74人が本棚に入れています
本棚に追加
「…大丈夫?」
俺は明らかに大丈夫じゃないと分かっているのに、そんなことしか聞けなかった。
「少し話そうか?」
俺がそう提案すると、彼女は目元を擦りながら頷いた。
「お邪魔しまーす。」
俺は玄関で靴を脱ごうとして気づいた…俺、ずぶ濡れだった。
なかなか部屋へ上がらない俺を不思議に思ったのか槙野さんが
「どうしたの?」と心配そうに聞いてくる。
「いやー…、部屋中をびちょびちょにする自信がある。」
俺がそう言うと、槙野さんは「あ、そっか!」と言って「こっちに来て。」と俺を案内する。

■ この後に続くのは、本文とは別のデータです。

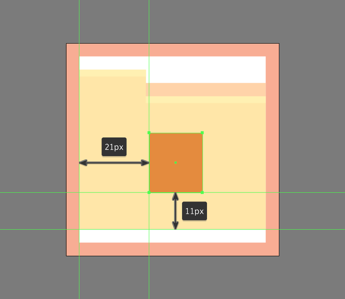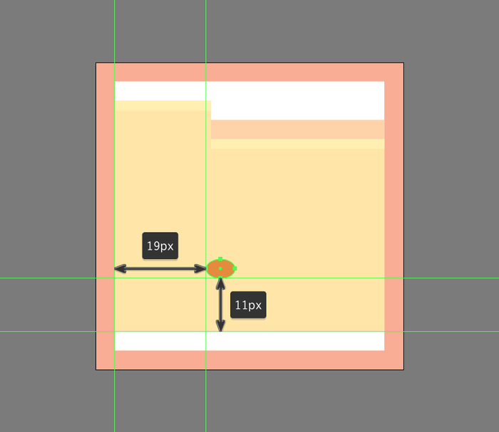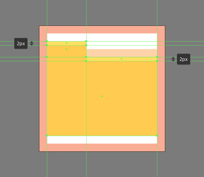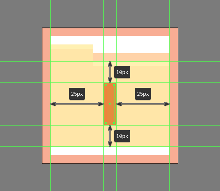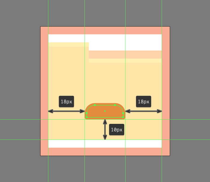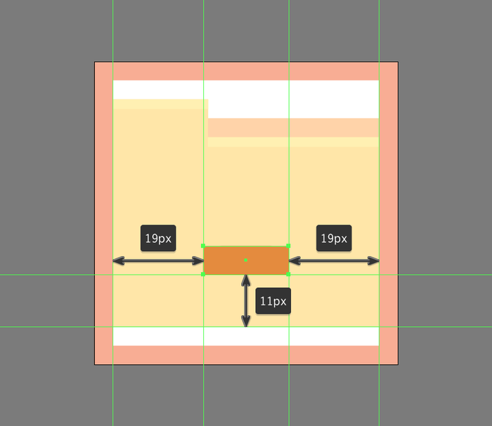 使用20 x 8 px矩形(#FFCD50)添加较小的上部,定位在上一个形状的顶部,将其对齐到其左边缘。

なるべく床を濡らさないようにつま先立ちで上がると、槙野さんについて行く。
案内されたのは風呂場だった。
「…え?」
俺が止まると、「何?シャワー使っていいよ。風邪ひくから。」と槙野さん。
「いやー…、着替えないし…」
「今日の体育のときの体育着は?」
確かにある。確かにあるが…、問題はそこじゃない。
そこじゃないんだよ槙野さん…。
最初のコメントを投稿しよう!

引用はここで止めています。